The Tech Park is “open for business,” with 13 business lots available, each about 4 to 5 acres in size.

“This place,” said County Council President Travers, about the incubator building, “is something that is going to plant the seed of the businesses, and then we put it out there,” indicating the empty fields of the Dorchester Tech Park, “and harvest it. This is big. It’s not what baby boomers are used to — they think we’re talking about babies, about chickens — but incubators are big now for business.”

Funding for the $2.4 million ESIC was based on a $1.2 million lon from the Maryland Department of Business and Economic Development, $1 million from the Maryland Technology Development Corp., and $200,000 from the Dorchester County budget.

Special guest and keynote speaker was Maryland state comptroller Peter Franchot, who gave two of his coveted medals to Dorchester County’s most prominent outgoing women, EDD Director Keasha Haythe and Mayor Victoria Jackson-Stanley, who both announced their resignation from public service in February.

Mayor Stanley was effusive in her praise for the new facility. “This is one of my “wow!” situations,” she said. “I’m very proud to be the mayor and be in partnership with the county as well as with so many in the community who made the vision come to reality.”

Mr. Franchot spoke with his usual good humor, saying that he was concerned when Senator Eckardt spoke and excused herself early, having to run back to Annapolis for a budget meeting. He said, “It reminds me of an old story in Washington where the Democrats—my party—wanted to spend two billion dollars on something, and the Republicans only wanted to spend one billion. So they went into a back room and came out with a compromise to spend three billion!

“But here’s what I love about Dorchester County,” he continued, “Frankly, of all the counties in the state, Dorchester County really respects the taxpayers.

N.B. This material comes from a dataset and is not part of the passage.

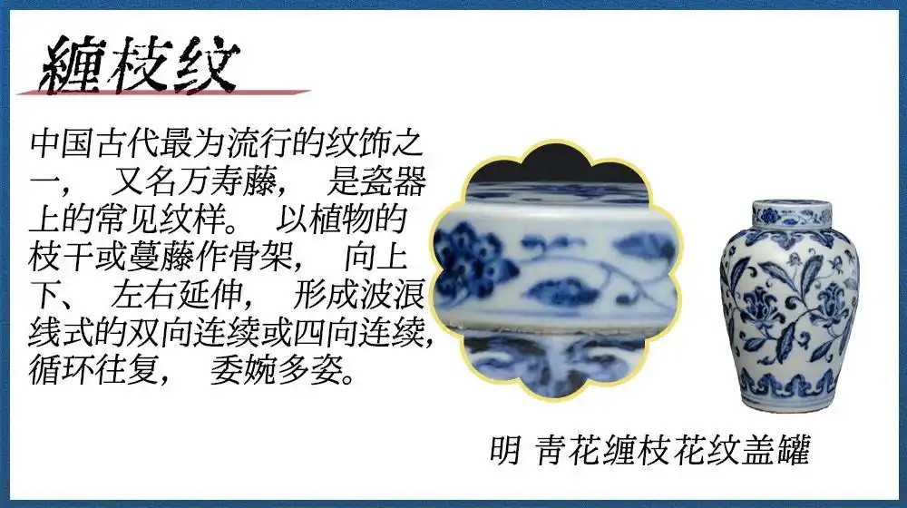 缠枝纹。中国古代最为流行的纹饰之一,又名万寿藤,是瓷器上的常见纹样。以植物的枝干或蔓藤作骨架,向上下、左右延伸,形成波浪线式的双向连续或四向连续,循环往复,委婉多姿。

And Dorchester County really has a reputation for trying to restrain spending, so that we can fund the priorities that we care about, like this incubator project. And Dorchester welcomes the new economy.”

Comptroller Franchot also praised the Dorchester County Economic Development department, Dorchester County government, and the city of Cambridge for the incubator’s opening. He also thanked Maryland Department of Business and Economic Development and TEDCO for lending financial support to the project. As he often does, he credited Gov. Larry Hogan for creating a business-friendly environment in Maryland.

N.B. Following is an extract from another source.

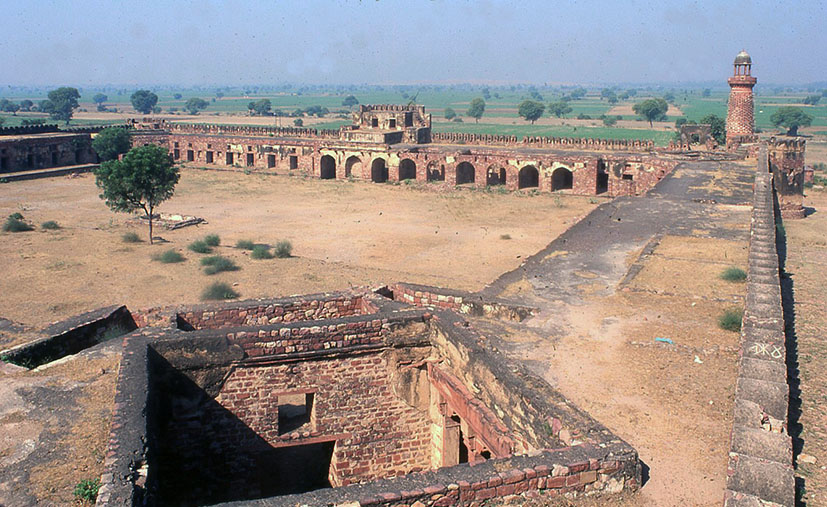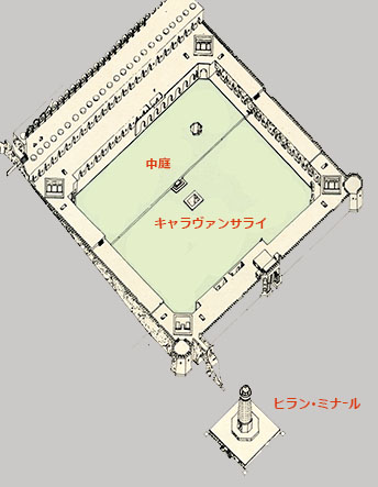 ファテプル・シークリーの、壮大な規模の 王立キャラヴァンサライの遺跡、16世紀(インド) 右奥に ヒラン・ミナール(ミナレット)が見える。 王立キャラヴァンサライと ヒラン・ミナールのアイソメ図 (From Marg "Fatehpur-Sikri", 1985)

In his talk, Mr. Franchot was typically bullish on small businesses, start-ups and local business. “When consumers spend money at our main street stores, main street stores grow higher and invest. As policy makers, we need to make sure private sector business is recognized as the job creators and revenue generators, and employ our friends and neighbors,” he said.

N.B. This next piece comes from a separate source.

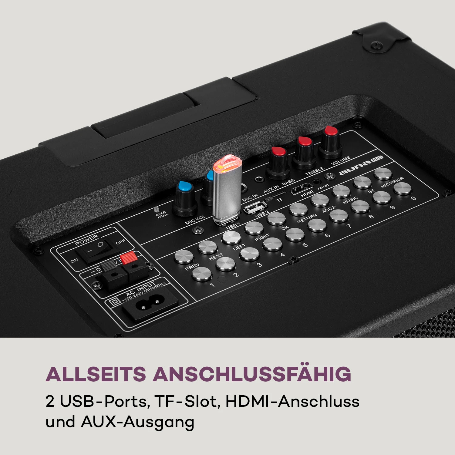 - Anschlüsse: 2 x USB-Port, 1 x TF-Slot, 1 x 6,3 mm MIC-Eingang, 1 x HDMI-Anschluss, 1 x 3,5 mm AUX-Ausgang, 1 x 3,5 mm AUX-Eingang

“Public spending has a role in infrastructure, but it is nowhere near the scale we need to produce the jobs and the wage growth that our citizens need. (Public spending) is well-intentioned, it’s just not big enough. I fundamentally believe that the public and private sector must work together to achieve what we all seek, which is a stronger economy. So on behalf of the great state of Maryland I convey my sincerest congratulations and best wishes for continued success to the Eastern Shore Innovation Center, thank you all for letting me stop by.”

Outgoing EDD Director Haythe was all smiles at this, her final function with the department. “This is an exciting day, for not only me but for the entire community of Dorchester County,” she said. “I really do believe that this building will change the trajectory of economic development here–not only in Dorchester County, but for the Eastern Shore. So I am excited!”